» **Instructions for the task**:
Give again, word for word, every line in the entries below from the line with "Int를 String으로 출력하려니 중간에 컨버트 노드가 자동으로 생성된다." up to and including the line with "Rechter Hand sieht", and no other line.

» **Excerpted data**:
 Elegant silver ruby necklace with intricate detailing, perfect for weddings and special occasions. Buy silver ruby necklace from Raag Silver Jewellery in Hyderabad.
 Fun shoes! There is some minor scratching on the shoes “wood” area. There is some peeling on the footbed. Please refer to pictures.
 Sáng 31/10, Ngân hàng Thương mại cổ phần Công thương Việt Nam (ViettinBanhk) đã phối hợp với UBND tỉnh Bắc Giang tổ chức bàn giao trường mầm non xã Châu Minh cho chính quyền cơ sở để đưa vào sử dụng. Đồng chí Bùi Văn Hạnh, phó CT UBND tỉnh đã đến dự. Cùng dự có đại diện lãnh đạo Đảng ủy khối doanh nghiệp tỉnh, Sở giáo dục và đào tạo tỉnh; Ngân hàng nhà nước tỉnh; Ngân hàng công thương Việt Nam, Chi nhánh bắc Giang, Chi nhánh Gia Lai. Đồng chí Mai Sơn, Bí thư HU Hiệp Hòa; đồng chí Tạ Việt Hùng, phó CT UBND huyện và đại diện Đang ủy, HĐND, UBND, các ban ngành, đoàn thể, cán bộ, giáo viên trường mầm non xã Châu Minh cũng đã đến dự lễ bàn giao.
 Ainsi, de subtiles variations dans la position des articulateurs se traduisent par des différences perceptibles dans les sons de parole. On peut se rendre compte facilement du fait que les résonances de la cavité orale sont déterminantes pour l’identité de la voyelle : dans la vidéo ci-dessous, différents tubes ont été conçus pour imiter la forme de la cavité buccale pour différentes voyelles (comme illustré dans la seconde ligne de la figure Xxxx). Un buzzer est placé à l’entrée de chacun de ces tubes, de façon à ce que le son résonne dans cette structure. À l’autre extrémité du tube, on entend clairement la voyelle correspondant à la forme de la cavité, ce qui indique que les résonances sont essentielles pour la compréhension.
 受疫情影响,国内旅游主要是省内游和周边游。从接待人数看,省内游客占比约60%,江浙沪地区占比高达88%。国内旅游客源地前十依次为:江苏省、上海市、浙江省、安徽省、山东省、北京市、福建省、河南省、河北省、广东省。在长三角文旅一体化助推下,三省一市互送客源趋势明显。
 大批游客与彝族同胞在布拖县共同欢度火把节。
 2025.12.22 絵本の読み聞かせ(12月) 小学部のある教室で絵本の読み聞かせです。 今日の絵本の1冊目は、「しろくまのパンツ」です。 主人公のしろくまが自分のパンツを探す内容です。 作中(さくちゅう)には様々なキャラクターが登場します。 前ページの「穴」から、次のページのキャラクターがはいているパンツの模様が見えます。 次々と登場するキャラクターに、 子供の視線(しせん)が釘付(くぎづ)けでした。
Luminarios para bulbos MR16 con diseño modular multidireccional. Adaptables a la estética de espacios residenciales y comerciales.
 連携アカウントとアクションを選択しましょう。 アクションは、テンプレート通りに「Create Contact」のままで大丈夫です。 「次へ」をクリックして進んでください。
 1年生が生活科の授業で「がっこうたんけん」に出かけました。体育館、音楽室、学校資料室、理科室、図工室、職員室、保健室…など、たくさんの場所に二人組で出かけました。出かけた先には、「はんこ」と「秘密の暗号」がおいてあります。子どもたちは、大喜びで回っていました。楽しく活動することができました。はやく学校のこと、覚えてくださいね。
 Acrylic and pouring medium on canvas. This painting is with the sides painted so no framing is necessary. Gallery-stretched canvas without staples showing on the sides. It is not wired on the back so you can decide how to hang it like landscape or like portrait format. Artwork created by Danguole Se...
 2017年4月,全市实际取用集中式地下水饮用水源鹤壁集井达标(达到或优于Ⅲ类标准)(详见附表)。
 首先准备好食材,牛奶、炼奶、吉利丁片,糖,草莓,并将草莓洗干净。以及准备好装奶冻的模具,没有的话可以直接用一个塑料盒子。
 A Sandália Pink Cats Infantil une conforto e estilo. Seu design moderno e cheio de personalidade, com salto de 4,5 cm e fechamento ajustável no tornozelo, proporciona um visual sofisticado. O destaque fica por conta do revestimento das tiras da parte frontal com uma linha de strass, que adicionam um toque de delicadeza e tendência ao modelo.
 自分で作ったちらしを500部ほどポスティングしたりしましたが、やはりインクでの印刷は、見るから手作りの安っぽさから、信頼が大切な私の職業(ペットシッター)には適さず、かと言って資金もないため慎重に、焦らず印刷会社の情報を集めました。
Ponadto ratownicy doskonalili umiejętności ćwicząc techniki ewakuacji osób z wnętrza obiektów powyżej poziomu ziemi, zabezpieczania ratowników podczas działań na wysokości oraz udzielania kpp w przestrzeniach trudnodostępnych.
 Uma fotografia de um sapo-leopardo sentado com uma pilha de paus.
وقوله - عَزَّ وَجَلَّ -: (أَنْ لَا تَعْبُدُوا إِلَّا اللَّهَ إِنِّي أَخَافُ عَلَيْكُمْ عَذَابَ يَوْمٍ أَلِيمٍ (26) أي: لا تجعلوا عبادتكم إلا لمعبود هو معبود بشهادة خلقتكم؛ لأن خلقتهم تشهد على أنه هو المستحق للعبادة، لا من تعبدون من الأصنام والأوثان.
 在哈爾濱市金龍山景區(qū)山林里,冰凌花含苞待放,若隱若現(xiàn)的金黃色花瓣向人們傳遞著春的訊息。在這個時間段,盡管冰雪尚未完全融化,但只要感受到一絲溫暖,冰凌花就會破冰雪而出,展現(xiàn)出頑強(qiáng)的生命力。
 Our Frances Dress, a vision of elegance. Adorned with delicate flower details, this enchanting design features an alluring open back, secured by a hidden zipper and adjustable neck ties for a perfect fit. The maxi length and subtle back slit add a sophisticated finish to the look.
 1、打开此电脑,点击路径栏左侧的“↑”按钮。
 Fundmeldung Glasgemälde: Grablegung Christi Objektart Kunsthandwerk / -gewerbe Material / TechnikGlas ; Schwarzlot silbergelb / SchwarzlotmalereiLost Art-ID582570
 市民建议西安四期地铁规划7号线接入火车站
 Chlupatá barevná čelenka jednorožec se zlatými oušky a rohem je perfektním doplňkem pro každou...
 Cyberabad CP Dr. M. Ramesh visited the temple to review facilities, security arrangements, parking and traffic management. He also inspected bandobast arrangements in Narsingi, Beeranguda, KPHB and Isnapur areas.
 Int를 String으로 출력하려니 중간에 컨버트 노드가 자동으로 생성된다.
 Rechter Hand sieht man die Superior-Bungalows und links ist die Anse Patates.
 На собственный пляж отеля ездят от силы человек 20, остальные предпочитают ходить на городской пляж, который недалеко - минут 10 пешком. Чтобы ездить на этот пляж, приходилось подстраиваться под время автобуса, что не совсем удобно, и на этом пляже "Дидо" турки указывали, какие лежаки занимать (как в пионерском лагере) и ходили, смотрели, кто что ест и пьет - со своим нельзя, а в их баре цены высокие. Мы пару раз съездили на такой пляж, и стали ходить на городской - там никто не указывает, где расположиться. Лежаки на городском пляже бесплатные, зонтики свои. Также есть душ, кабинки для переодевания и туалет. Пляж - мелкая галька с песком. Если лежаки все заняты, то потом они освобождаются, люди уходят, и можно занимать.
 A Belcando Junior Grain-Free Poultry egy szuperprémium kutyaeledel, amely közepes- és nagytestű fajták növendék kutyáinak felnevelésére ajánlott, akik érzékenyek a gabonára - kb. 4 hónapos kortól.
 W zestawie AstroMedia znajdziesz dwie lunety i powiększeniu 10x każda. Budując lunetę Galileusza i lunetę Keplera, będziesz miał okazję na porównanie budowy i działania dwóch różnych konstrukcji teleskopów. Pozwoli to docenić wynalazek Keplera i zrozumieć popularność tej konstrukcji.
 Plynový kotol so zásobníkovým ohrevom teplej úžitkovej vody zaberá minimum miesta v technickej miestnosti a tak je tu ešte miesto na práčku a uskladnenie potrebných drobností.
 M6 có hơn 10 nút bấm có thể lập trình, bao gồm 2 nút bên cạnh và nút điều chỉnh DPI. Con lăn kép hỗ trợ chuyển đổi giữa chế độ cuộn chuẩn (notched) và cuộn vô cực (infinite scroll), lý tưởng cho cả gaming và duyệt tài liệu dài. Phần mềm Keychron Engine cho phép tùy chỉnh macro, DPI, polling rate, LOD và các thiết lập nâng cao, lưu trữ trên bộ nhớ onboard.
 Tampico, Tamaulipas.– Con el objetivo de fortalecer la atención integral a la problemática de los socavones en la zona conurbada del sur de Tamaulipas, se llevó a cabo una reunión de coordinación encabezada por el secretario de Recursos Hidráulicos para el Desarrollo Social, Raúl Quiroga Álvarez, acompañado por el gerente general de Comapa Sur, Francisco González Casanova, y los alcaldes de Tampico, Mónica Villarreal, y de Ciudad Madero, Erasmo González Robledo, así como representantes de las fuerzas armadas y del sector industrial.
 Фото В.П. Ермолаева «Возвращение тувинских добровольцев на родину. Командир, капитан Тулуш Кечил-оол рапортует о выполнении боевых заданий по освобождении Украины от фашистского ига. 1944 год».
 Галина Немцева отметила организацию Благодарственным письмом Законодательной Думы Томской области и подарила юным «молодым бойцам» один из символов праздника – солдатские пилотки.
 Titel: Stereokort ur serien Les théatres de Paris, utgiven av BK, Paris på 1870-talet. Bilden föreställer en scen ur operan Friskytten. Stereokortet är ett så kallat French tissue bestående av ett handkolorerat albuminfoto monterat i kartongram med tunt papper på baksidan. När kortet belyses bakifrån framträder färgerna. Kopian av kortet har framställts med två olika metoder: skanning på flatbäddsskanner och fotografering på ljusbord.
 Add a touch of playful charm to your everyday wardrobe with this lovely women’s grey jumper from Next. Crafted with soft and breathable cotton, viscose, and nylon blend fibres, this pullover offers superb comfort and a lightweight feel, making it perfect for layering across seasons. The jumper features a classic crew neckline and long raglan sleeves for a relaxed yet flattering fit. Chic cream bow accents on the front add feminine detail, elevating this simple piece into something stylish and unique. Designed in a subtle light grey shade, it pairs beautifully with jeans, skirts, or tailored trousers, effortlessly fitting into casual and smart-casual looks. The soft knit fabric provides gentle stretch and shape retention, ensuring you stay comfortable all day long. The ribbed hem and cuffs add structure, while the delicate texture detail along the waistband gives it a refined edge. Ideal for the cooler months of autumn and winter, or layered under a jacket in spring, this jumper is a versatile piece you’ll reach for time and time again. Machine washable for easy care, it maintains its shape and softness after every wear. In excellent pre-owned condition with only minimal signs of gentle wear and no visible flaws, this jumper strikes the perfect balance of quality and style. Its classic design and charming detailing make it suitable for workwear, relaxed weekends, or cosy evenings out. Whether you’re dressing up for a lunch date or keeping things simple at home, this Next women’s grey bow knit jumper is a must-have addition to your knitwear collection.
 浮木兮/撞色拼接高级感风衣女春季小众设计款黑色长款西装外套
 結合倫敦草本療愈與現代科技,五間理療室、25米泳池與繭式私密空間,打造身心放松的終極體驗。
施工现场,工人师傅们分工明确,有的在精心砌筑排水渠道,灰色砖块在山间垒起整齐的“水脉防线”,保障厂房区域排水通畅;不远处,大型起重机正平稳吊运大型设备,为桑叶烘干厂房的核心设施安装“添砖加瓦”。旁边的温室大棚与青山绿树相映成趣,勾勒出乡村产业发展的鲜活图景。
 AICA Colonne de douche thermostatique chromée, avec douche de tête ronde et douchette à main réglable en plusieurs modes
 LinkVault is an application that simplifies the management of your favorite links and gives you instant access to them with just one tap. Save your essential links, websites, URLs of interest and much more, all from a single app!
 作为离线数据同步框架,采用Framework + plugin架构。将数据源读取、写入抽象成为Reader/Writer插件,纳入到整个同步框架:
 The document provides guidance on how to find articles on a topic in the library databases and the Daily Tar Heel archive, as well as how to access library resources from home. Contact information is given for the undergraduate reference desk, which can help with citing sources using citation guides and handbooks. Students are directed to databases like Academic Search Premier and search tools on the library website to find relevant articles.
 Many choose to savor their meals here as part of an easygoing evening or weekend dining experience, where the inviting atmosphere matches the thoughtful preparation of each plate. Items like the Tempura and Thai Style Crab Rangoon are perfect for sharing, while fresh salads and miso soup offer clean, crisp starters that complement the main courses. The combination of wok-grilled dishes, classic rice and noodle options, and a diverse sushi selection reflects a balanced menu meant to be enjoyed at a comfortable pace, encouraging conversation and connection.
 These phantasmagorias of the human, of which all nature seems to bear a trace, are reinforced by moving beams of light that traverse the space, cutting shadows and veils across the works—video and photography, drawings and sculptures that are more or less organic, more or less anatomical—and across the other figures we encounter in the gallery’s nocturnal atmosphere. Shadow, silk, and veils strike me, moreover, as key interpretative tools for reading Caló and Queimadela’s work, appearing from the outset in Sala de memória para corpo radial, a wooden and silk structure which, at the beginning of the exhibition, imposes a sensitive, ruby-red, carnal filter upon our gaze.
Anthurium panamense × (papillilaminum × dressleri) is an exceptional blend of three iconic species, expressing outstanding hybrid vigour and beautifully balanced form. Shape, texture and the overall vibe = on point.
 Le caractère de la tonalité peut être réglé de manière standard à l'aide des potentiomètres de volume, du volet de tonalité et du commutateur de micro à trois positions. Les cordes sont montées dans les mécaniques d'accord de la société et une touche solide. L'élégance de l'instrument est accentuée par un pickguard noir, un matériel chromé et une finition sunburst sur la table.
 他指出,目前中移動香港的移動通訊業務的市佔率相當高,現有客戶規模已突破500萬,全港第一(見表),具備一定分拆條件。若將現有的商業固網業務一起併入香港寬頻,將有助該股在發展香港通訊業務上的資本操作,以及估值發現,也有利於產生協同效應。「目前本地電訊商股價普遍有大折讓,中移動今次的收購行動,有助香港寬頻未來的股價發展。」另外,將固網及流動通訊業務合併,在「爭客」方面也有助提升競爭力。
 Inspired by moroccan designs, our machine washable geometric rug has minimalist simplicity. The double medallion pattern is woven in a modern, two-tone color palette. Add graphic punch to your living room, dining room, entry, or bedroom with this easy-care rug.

» **Solution for this task**:
 Int를 String으로 출력하려니 중간에 컨버트 노드가 자동으로 생성된다.
 Rechter Hand sieht man die Superior-Bungalows und links ist die Anse Patates.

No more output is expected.